Her slow Oklahoma accent spilled into my ear.
She said my name like it ended in an endless string of e’s.
“Kimberleeeee… I remember you when you were a wee little thang. Y’all came here broken and needing care.”
She stopped there, like that was the whole story.
There were no questions.
I thanked her and waited for the papers to arrive.
When the documents came, my father’s children were listed clearly:
Siblings for Placement:
Tim
Kim
Donna
Randy
At the bottom of the intake form, in clean printed letters, was another line.
Other Siblings:
One child born out of wedlock.
Father unknown.
A patient at the Oklahoma State Mental Institution.
The information didn’t shock me.
My Mama had been in and out of the Oklahoma State Mental Institution my whole life.
Dad said Mama was sick.
He called it “Muscular Dystrophy of the mind.”
To me the place sounded like a hotel. The Dystrophy people checked in and out, but they stayed longer than someone on vacation.
I was never allowed to visit her there. Not once.
Looking at the papers now, I’m glad Mama found companionship inside those walls.
She was the kind of woman people drifted toward without knowing why.
Her eyes held both sorrow and invitation.
She had a crooked grin that widened and lit her whole face with a secret. When she smiled like that, I felt like I knew the secret too.
She stayed away for so long I had almost forgotten this part of her.
I returned the papers to the envelope.
I remembered my Mama showing up with Michael Shawn.

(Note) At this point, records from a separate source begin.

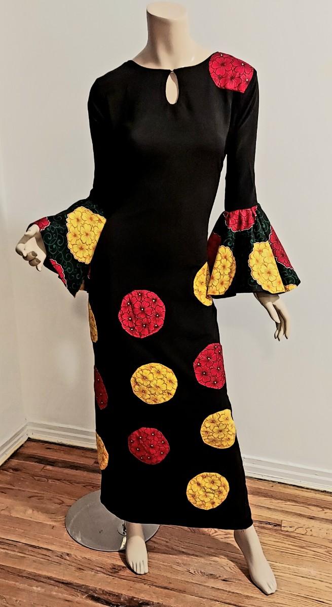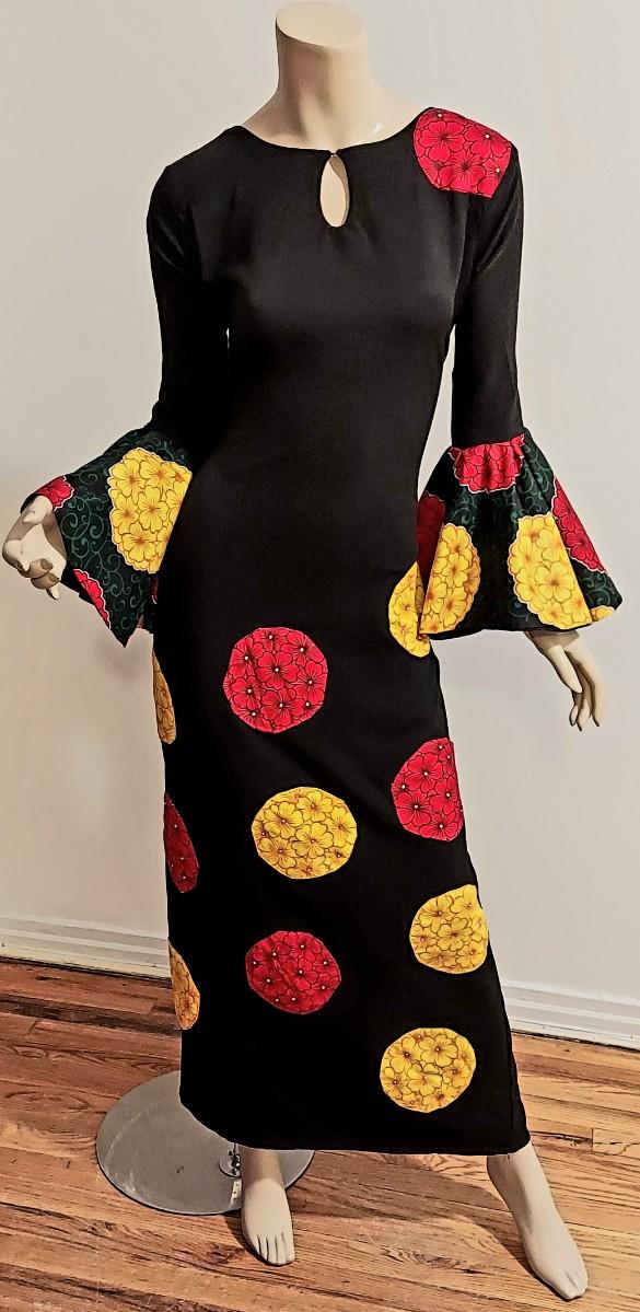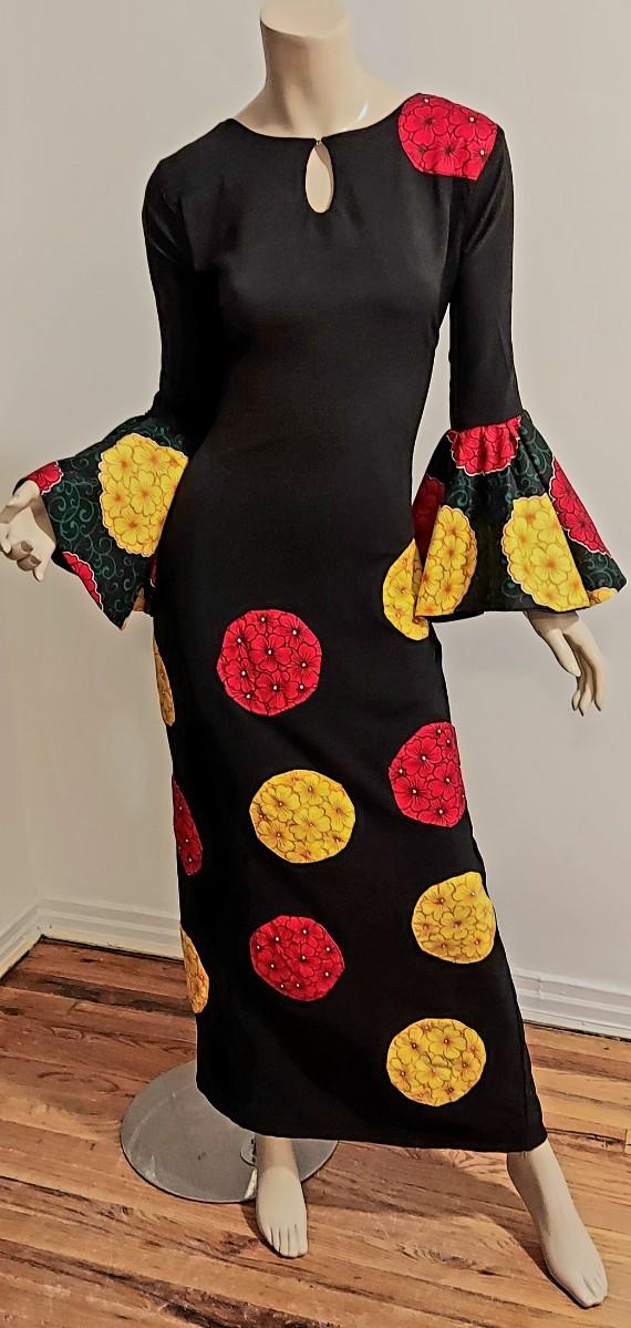 This one is a very Rare Dress and Very Beautiful .Victor Costa for Sakowitz Salon. Embroidered Appliqués of Chambray. Adorned with Rhinestones Throughout and Bell Sleeves .in very good Vtg condition .This one is a Collector's dream
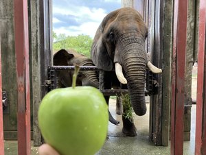 毎日の日課となっているゾウたちのトレーニングの時間。ゾウたちの肢のケアをしたり、健康管理のための新しい動作を覚えてもらうトレーニングの時は、いつもゾウたちが好きなリンゴをごほうびとして与えています。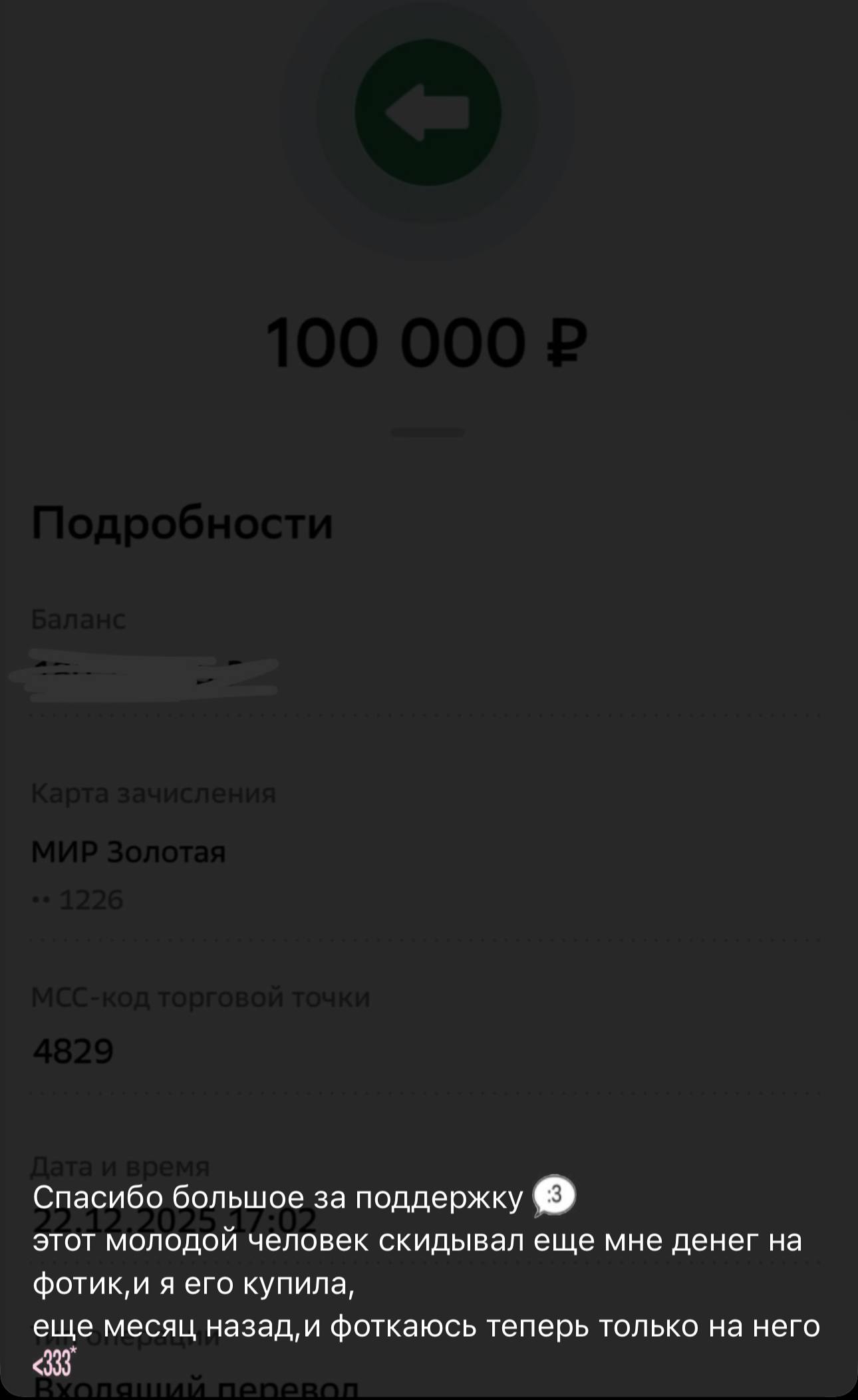 >>10471439 >>10471398 Серушка расказывала что он ей 150к на фотик скидывал. Она с ним виделась всего одинраз он ей дал 200к и сказал писать если нужна финансовая помощь. Вобщем у них там долгая история взаимоотношений, он присылает ей деньги и не просит о встрече.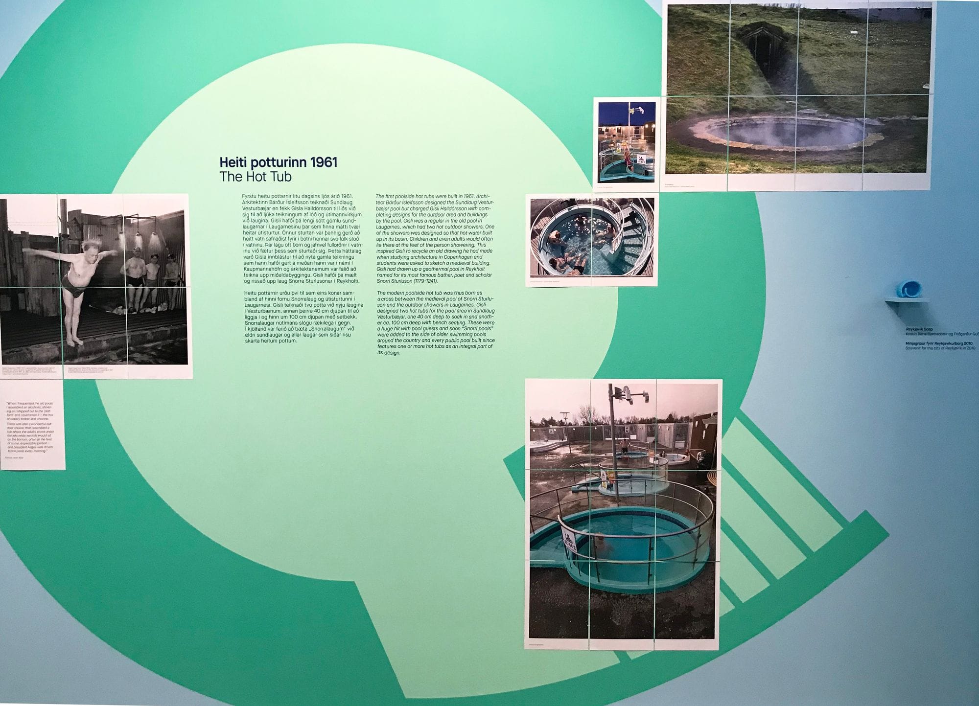 Sýningin Sund hefur nú þegar vakið mikla athygli og lof gesta sem og fjölmiðla. SUND nær yfir tímabilið frá sundvakningunni við upphaf 20. aldar til dagsins í dag. Sagan sem hún segir af sundlaugamenningu er um leið ylvolg sagan af íslensku nútímasamfélagi með léttri angan af klór og hveralykt, gufuslæðu og skvampi. Sýningin er styrkt af Safnasjóði og stendur fram á haust. Sýningin er afrakstur samvinnu milli Hönnunarsafns og þjóðfræðideildar Háskóla Íslands en sýningarstjórar eru Valdimar Tr. Hafstein þjóðfræðingur og Brynhildur Pálsdóttir hönnuður.

It was one of those feelings tied to an old reality.
Oh yes.
Of course.
I just hadn’t known about the father.
I met my brother once, in a beam of light.
When Mama ended her life, a stranger—her final husband—attended the funeral. Mama met him in the hospital as well, many years after Michael Shawn was born.
My Mama was a soul catcher.
The new husband appeared disheveled, his attire a mismatched joining of wrinkled khakis rising way past where his waist ended and a newly stained white shirt…coffee or perhaps a jelly donut. His expression, vacant.
Watching him, I don’t believe he thought Mama was dead.
He kept pressing her chest with four fingers welded together, like he was tapping on the door of life.
There was no answer.
He would press and release, like watching the foam of a pillow mold and reshape after each compression.
My sister and my Mama’s sisters were huddled on one side of the casket discussing which Bible Mama should be buried with. It mattered more to some than others. Someone needed to win. The discussion bounced off the walls and became background noise.
I stood silent alongside the casket right where Mama’s hands were overlapped resting on her waist.
An arched window in the distance had flowing sheer drapes with light brown tassels pulling apart an opening that made the room soft and shimmery.
The man with the blank expression stood at Mama’s head, arms reaching over her, his fingers on her heart.
Here with Mama lying in her open casket, legs permanently fixed—life slowed down to a speed almost the exact opposite of light, just shy of frozen while brightness and fine particles floated from the wide ray, bounced around and disappeared.
Breath danced and released as the women exchanged views.
I absorbed everything.
Mama’s husband attempting to resuscitate her.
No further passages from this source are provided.